3. The server executes the tool, returning structured data, image files, or PDFs directly to your agent.

## Frequently Asked Questions

**How do I get structured metadata using extract_metadata?**
You simply pass the target URL to `extract_metadata`. The server returns normalized JSON containing titles, descriptions, and OpenGraph images. No parsing is required from your end.

**Can I take a screenshot of specific parts using take_screenshot?**
Yes. When calling `take_screenshot`, you can specify the exact CSS selector or DOM element ID you want to capture, rather than just the full page view.

**What is the difference between get_insights and advanced_query?**
`get_insights` provides standardized reports—the Lighthouse scores and tech stack info. `advanced_query` gives you raw control, letting you run custom scripts or implement ad-blocking for testing.

**How do I make a PDF report using generate_pdf?**
You pass the URL to `generate_pdf`. You can also specify formatting parameters like margins and scaling within the call, ensuring the final document meets your reporting standards.

**What should I use if my calls to `advanced_query` exceed the free usage tier?**
You need an active API key for high-volume processing. If you hit a rate limit, your AI client will receive a specific HTTP 429 error code. This indicates you must wait or upgrade your account access.

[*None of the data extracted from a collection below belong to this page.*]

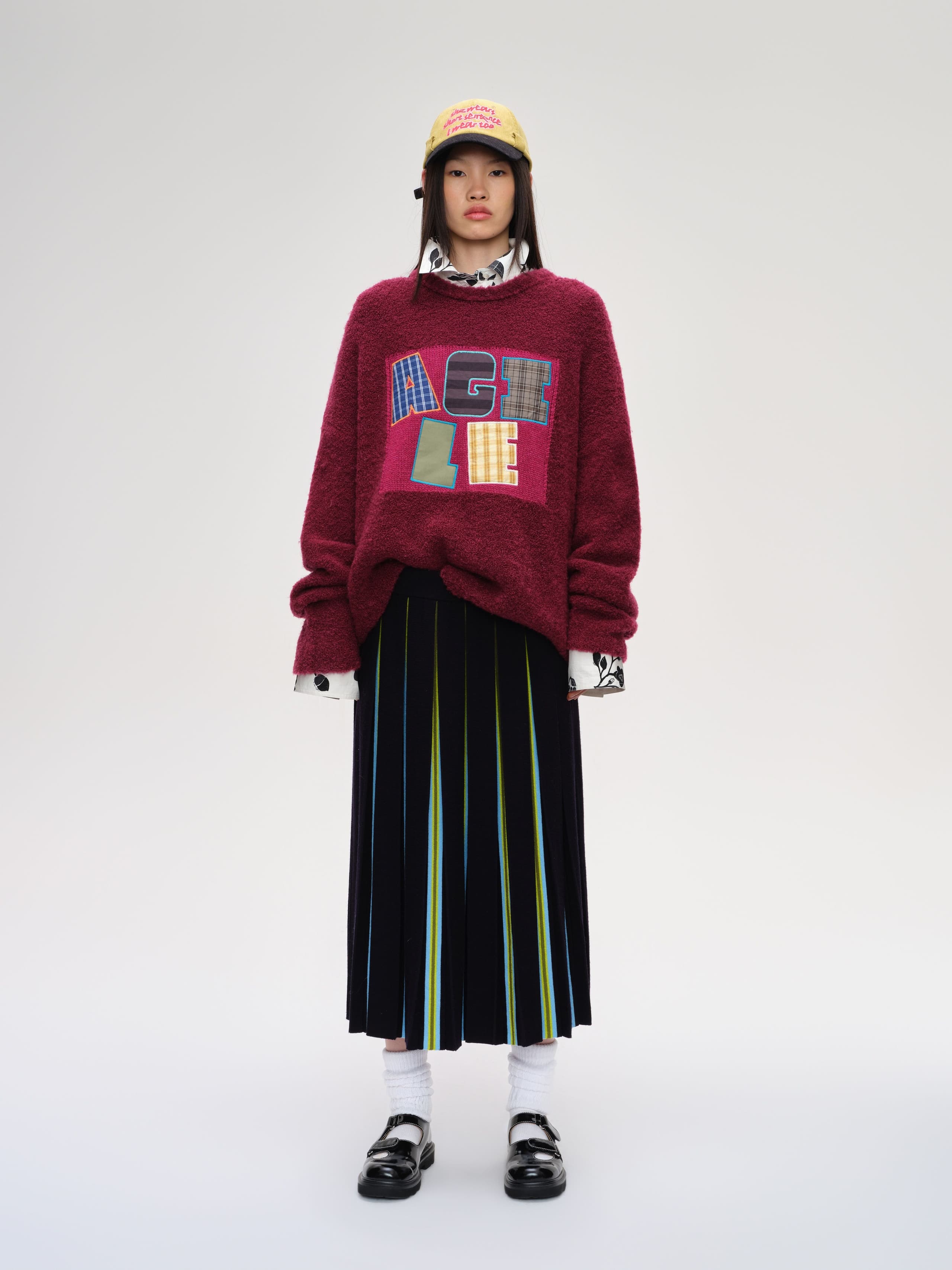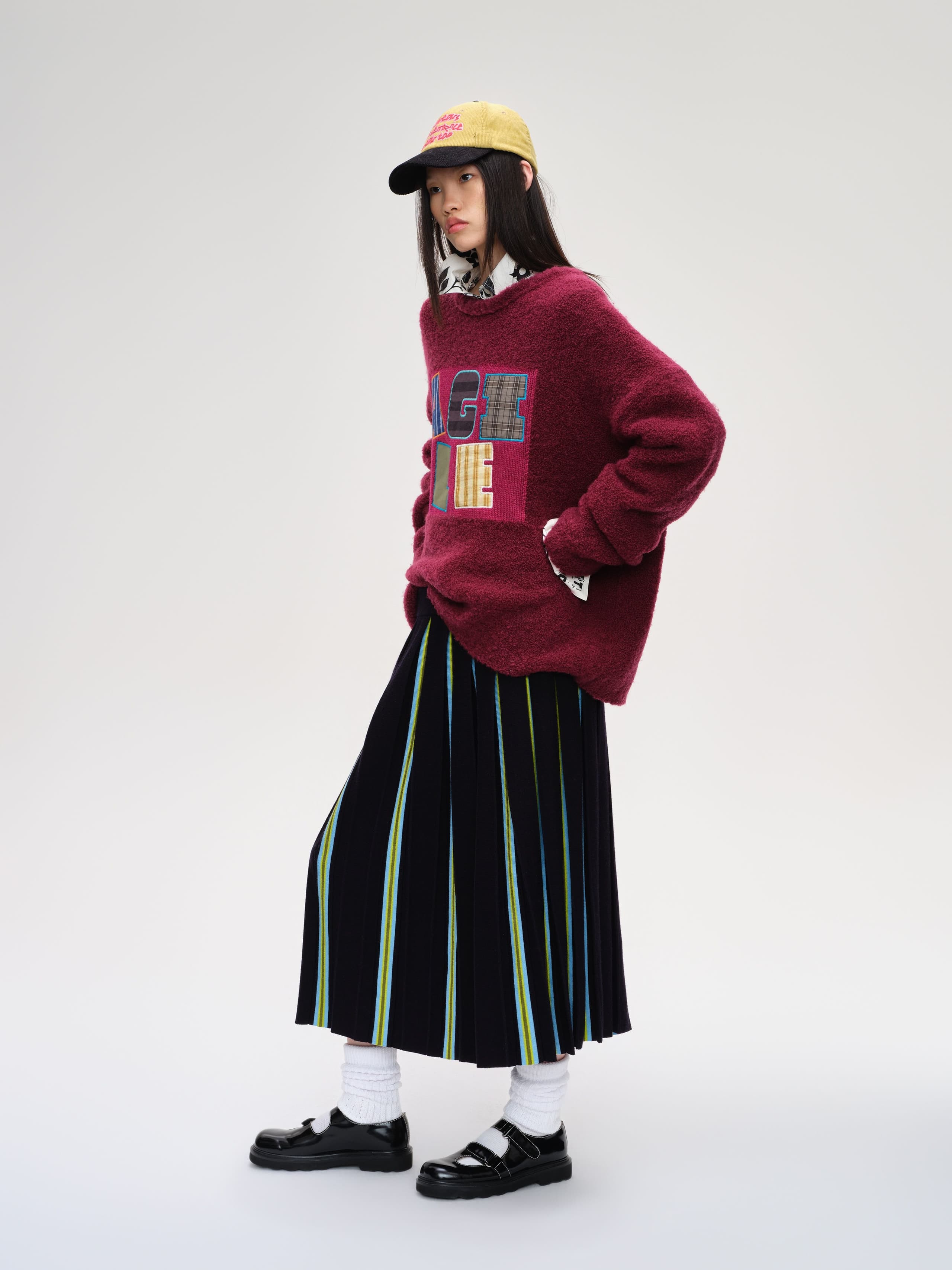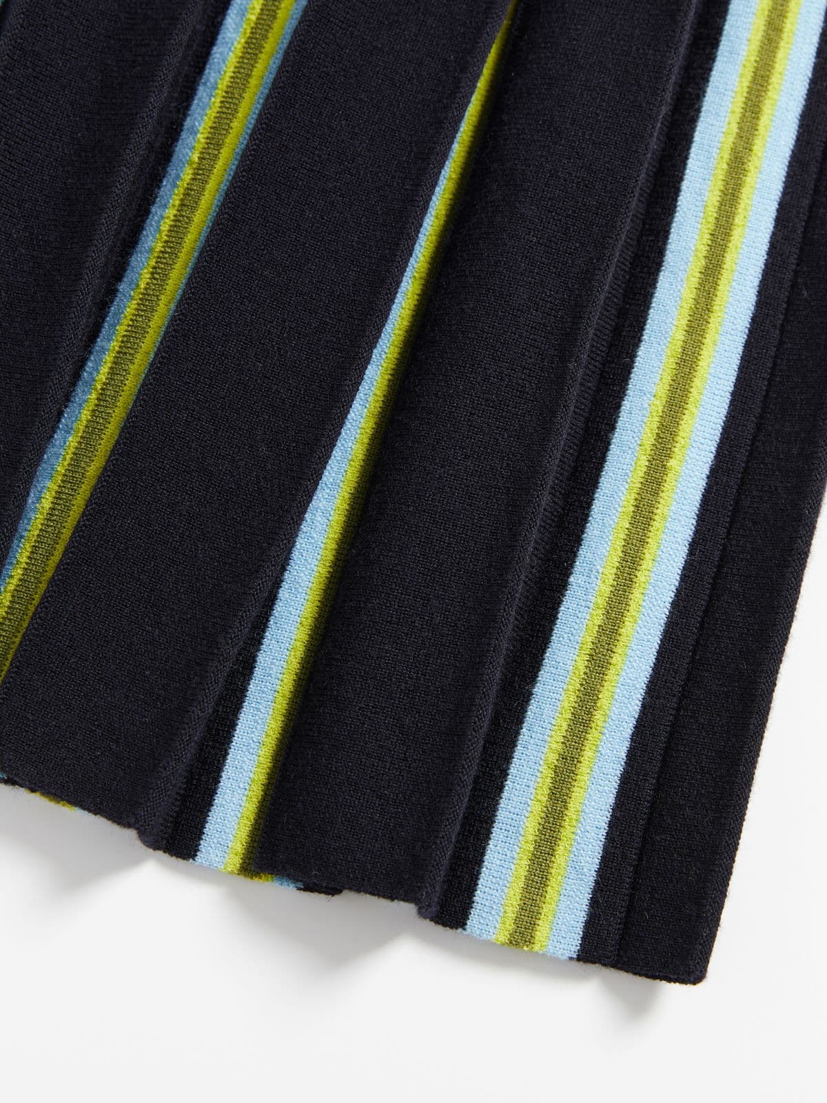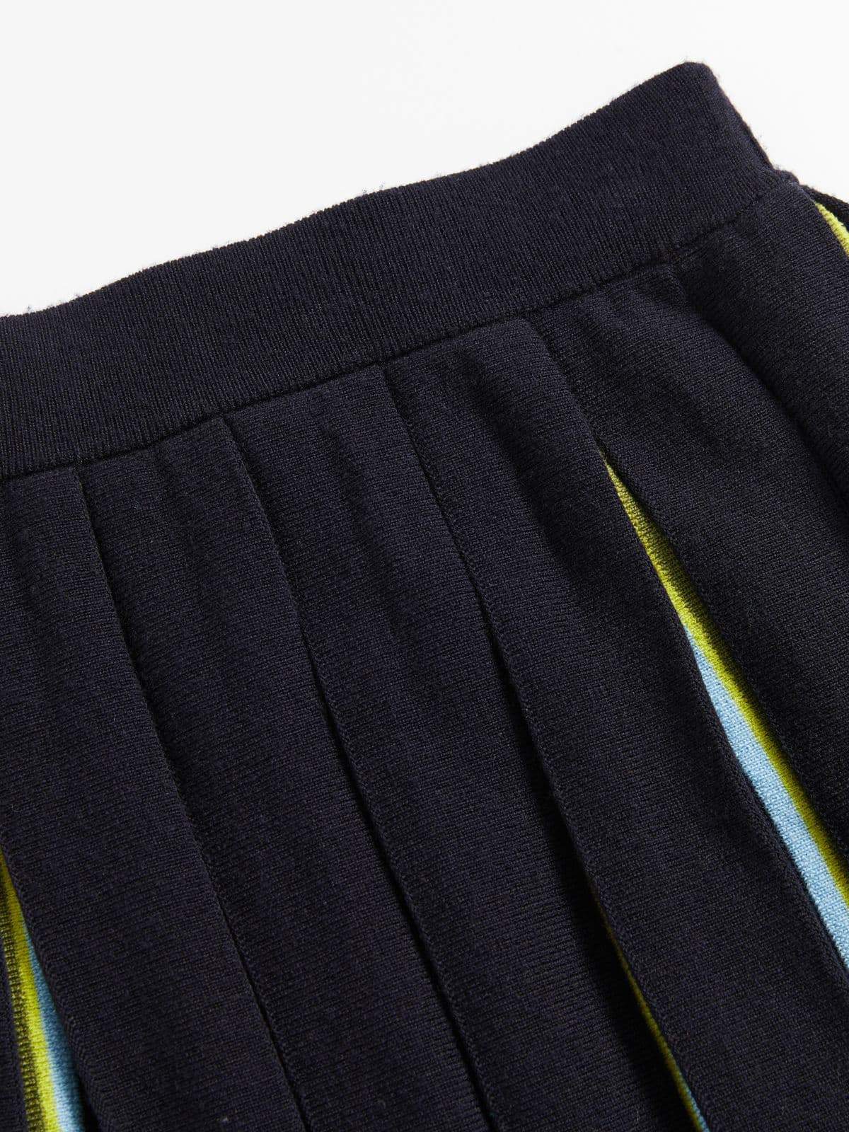 A playful yet refined pleated skirt knitted from a mix of merino wool and specialty yarns for rich texture and structure. Colorful stripes are hidden within the pleats, revealing movement and vibrancy as you walk. The fabric combines softness, breathability, and resilience, ensuring both comfort and style.
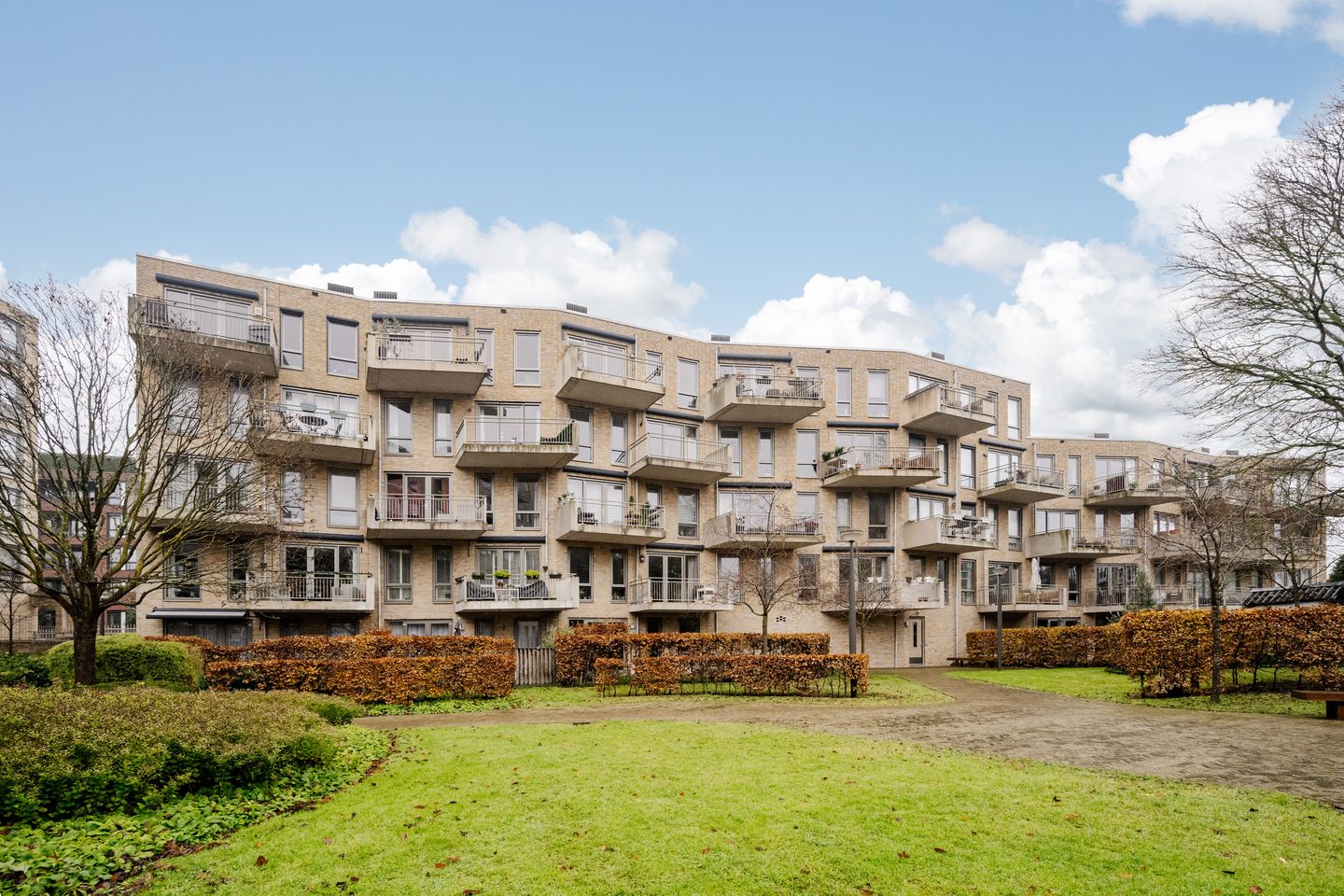 De ruime en lichte woonkamer is gesitueerd aan de achterzijde en biedt via openslaande deuren toegang tot een royaal balkon op het zuiden – perfect voor een kop koffie in de ochtendzon of een borrel aan het eind van de dag. Vanuit hier kijk je uit op de fraai aangelegde, gemeenschappelijke binnentuin.
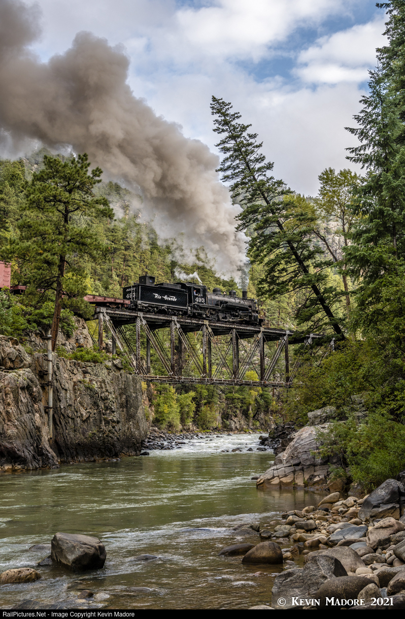 Second Animas Crossing: The High Bridge. Here's a downstream view of the former D&RGW K-37 Locomotive #493, as she crosses the High Bridge at Tacoma (MP 471.23) northbound, with a Silverton mixed consist. This is the second of seven crossings that she'll make as she winds her way through the Animas Canyon from Durango to Silverton, CO. The 493 is only the second K-37 to ever venture this far north on the Silverton Branch. Until the D&RGW sold the railroad to the newly-formed Durango & Silverton Narrow Gauge Railroad, the heaviest locomotives to run this line were the Alco K-28s, sometimes called the "Sports Models." After Charles Bradshaw purchased the operation, some excavation was done on the tighter rock cuts and the bridges along the line were reinforced to deal with the heavier weights of the big K-36s and 37s. A close look at this bridge does reveal bracing wires and other structural members that clearly were not part of the original design.
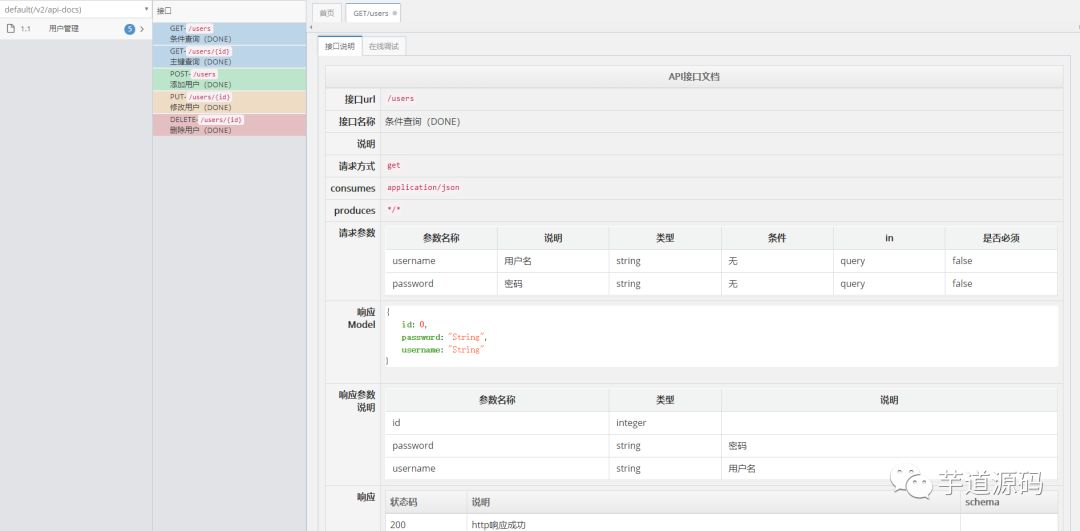 @ApiImplicitParam不同的是,他是写在参数左侧的。如(@ApiParam(name = "username",value = "用户名") String username)@ApiModel: 描述
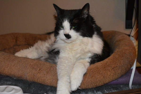 Sadly, Spider, who only ever wanted to be a house cat, had only two years of his dream come true. Spider passed away, at home, naturally, January 16, 2018. Three weeks earlier he had been diagnosed with Lymphoma. It was so sad, how quickly he succumbed. He was his old self until three weeks before he passed. I noticed he seemed lethargic and suddenly felt very skinny, with his big winter coat on it was hard to notice until one was petting him. I took him to the vet the next morning and blood, tests, scan, and x-rays showed a large mass in his large intestine. Further testing by the specialist hospital confirmed what we feared. Spider came home with some meds for palliative care. He was great for two weeks and then he began to decline swiftly. He began having seizures and I called the vet to say that things were getting worse. The night before he passed away, I brought him to bed with us and he layed on his bed between us and never moved. The next morning he was not responding to me at all and I called the vets to confirm our appointment. Suddenly he began vomiting and convulsing. I held him through it and he looked up at me, looking horrified and helpless until he passed. He wanted to live and his body fought to stay with us, but the disease had taken too big a hold and there was no stopping it. My vet told me when I called her and said we didn't need her to come, that cats were like that, you never know if they're sick until they're really sick and often it's too late. Spider was a feisty but very loving kitty. Minnie misses him greatly. At least he enjoyed two years of house cat bliss. RIP Spider, you are loved and missed.

**How does `take_screenshot` handle multiple device viewports in one request?**
The tool processes one viewport per call, even if you are emulating a device. To get different views (e.g., iPhone and desktop), you must make separate API requests for each desired screen size.

**What is the maximum amount of content I can reliably include when running `generate_pdf`?**
While there isn't a strict character limit, complex or extremely long URLs may cause formatting errors. We recommend breaking up massive documents into smaller sections for guaranteed success.

**If the target URL is inaccessible when running `extract_metadata`, what error message do I receive?**
The system returns a standardized '403 Forbidden' or similar HTTP status code. This tells your AI agent immediately that the issue is access-related, not an API malfunction.

**Can I take a screenshot of a specific element on a page instead of the whole screen?**
Yes! Use the `take_screenshot` tool and provide a CSS selector in the `element` parameter. The agent will return a precise capture of just that component.

**How do I see what software or frameworks a website is built with?**
Use the `get_insights` tool with `technologies: true`. It uses Wappalyzer to identify the CMS, analytics, web servers, and JavaScript frameworks used by the URL.

**Can I generate a PDF in a specific paper format like A4?**
Absolutely. Use the `generate_pdf` tool and specify 'A4' in the `format` parameter. You can also adjust margins and orientation (landscape/portrait).